Wednesday, October 26, 2011

The gifts Trauma has given me....


These thin lines…

I used to think things were black and white, the gray was where you did not want to get caught up in…so stay on the white and everything will be Alright….that was what living in Anglo Saxon America had taught me. What I understood was expected of me… what would keep me good and safe.

I still believe in doing what’s right, in choosing what is kind and good…But sometimes the lines get crossed , the gray is where you find truth and in reality good intentions can have devastating results…because sometimes “doing what’s right” comes from a moral opinion, but not TRUTH.

Sometimes us do gooders, those of us that are about saving the world, try to save things and people that don’t want to be saved…

I have learned so much in the last two years.
What is important, what is not, redeeming pieces of myself I had to leave along the way, I am finding my way back to me out of the Trauma that has sucked so much of who I am out . Trauma will take everything, if you let it.
I have lost people, relationships, traditions, expectations, definitions and a lot of “itions” that don’t add up to the importance of what we are doing in our home.

Trauma has also given me these incredible gifts. Gifts of understanding more deeply, Loving more than hoarding, listening more than speaking.  I have been praying more than asking. Receiving, more than expecting ,growing more than receding, forgiving more than judging.
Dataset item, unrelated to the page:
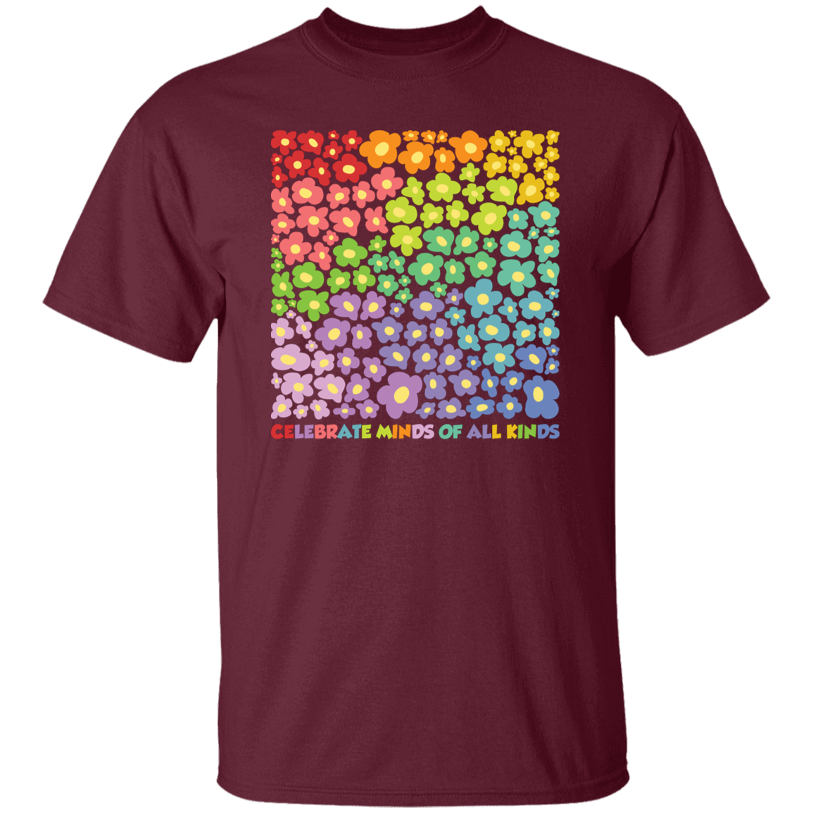 Celebrate Minds Of All Kinds, Colorfull Flower Unisex T-Shirt
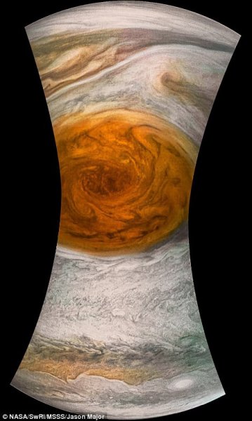 وقال ستيف ليفن الذي يقود المشروع العلمي لبعثة المسبار جونو بالمختبر "هذه العاصفة أكبر من الأرض كلها. إنها موجودة منذ مئات السنين. نريد أن نعرف ما الذي يحركها".

After reading, learning, attending, and delving into the depths of Trauma, brain workings, and attachment…I can forgive, understand, release and let go of much of the times people, family, parents have hurt me, or each other. I can see inner workings of loss, attachment, and trauma and the multitude of lifes hard knocks that resulted in the most damaging kind of relationships, between parent and child, sister and brother.

We all are neighborhoods, cities, states, and whole countries of these faulted people.

Trauma makes me want to love harder, let more go, forgive completely and concentrate my love, my power for good things on healing, forgiving and not continuing a cycle.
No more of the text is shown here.